Transcribe exactly, leaving out pictures, the lines from the one that holds "Главная - Вести" through the end of the data below, including both end lines and no others.

======== Available data

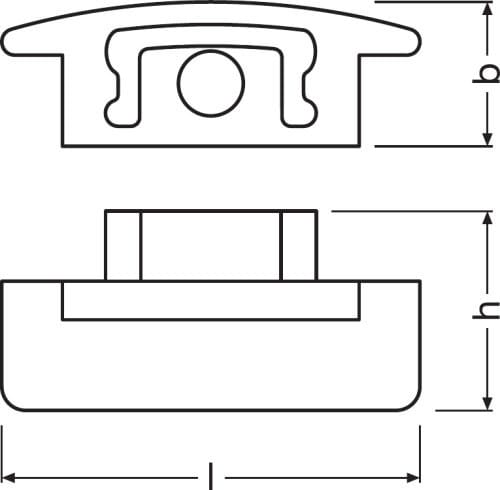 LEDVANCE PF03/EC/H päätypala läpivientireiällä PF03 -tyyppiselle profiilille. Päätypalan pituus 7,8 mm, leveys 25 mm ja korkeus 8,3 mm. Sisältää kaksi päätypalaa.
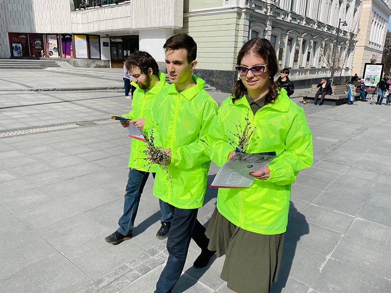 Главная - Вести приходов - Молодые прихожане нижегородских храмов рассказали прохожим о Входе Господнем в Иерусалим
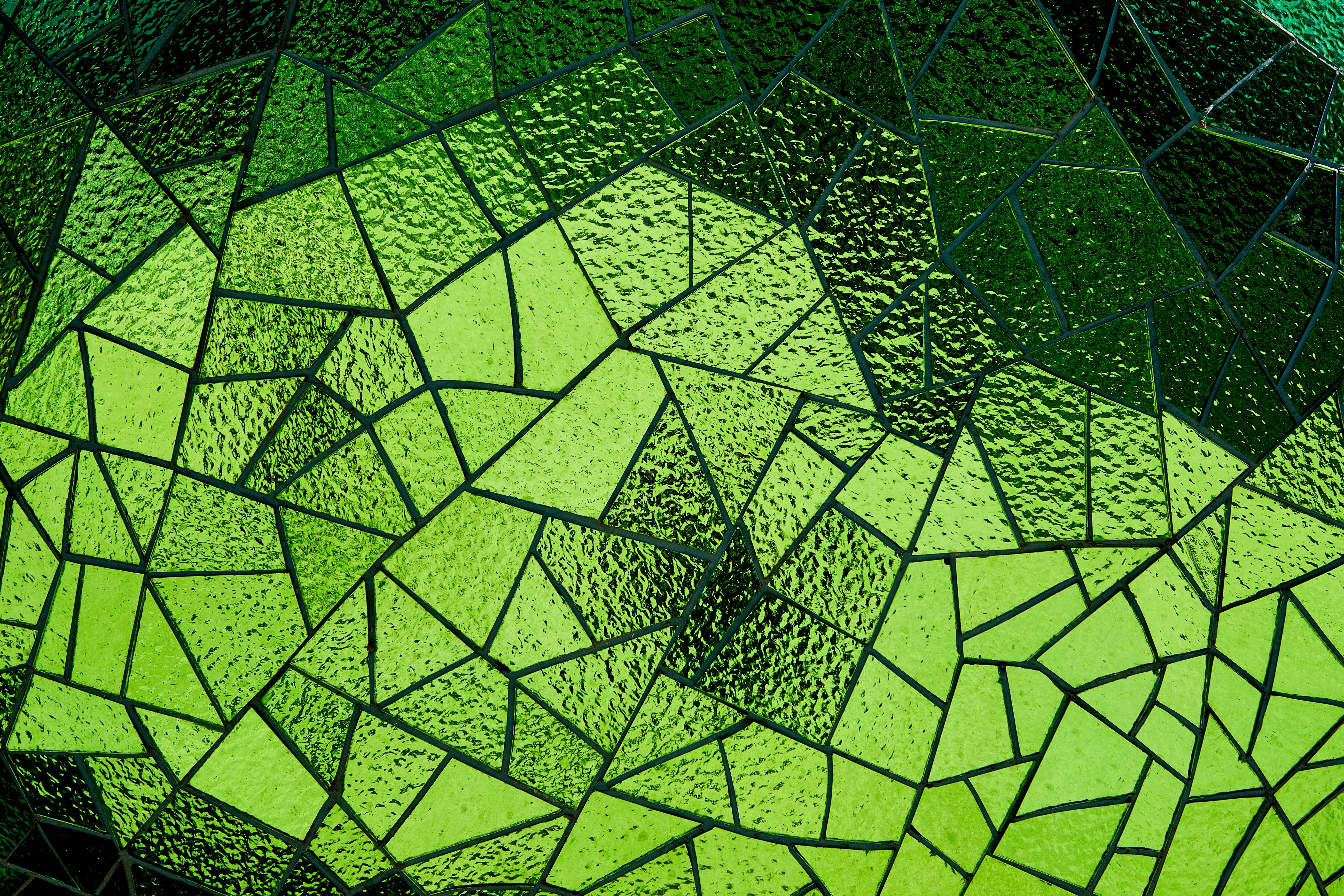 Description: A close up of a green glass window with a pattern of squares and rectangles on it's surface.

================

Answer section:
 Главная - Вести приходов - Молодые прихожане нижегородских храмов рассказали прохожим о Входе Господнем в Иерусалим
 Description: A close up of a green glass window with a pattern of squares and rectangles on it's surface.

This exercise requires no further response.